--- START ---

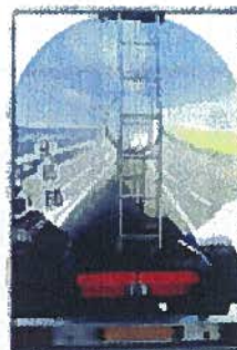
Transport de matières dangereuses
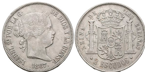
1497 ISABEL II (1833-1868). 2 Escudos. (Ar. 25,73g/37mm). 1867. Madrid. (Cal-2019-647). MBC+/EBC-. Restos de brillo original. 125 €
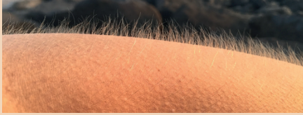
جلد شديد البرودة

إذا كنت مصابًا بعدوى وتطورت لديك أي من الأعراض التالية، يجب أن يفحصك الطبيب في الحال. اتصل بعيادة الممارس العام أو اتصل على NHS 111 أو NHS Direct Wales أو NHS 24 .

--- END ---

▸ WHAT THIS TASK INVOLVES:
Repeat every line of the data exactly, but do not include pictures.

▸ TASK RESPONSE:
Transport de matières dangereuses
1497 ISABEL II (1833-1868). 2 Escudos. (Ar. 25,73g/37mm). 1867. Madrid. (Cal-2019-647). MBC+/EBC-. Restos de brillo original. 125 €
جلد شديد البرودة

إذا كنت مصابًا بعدوى وتطورت لديك أي من الأعراض التالية، يجب أن يفحصك الطبيب في الحال. اتصل بعيادة الممارس العام أو اتصل على NHS 111 أو NHS Direct Wales أو NHS 24 .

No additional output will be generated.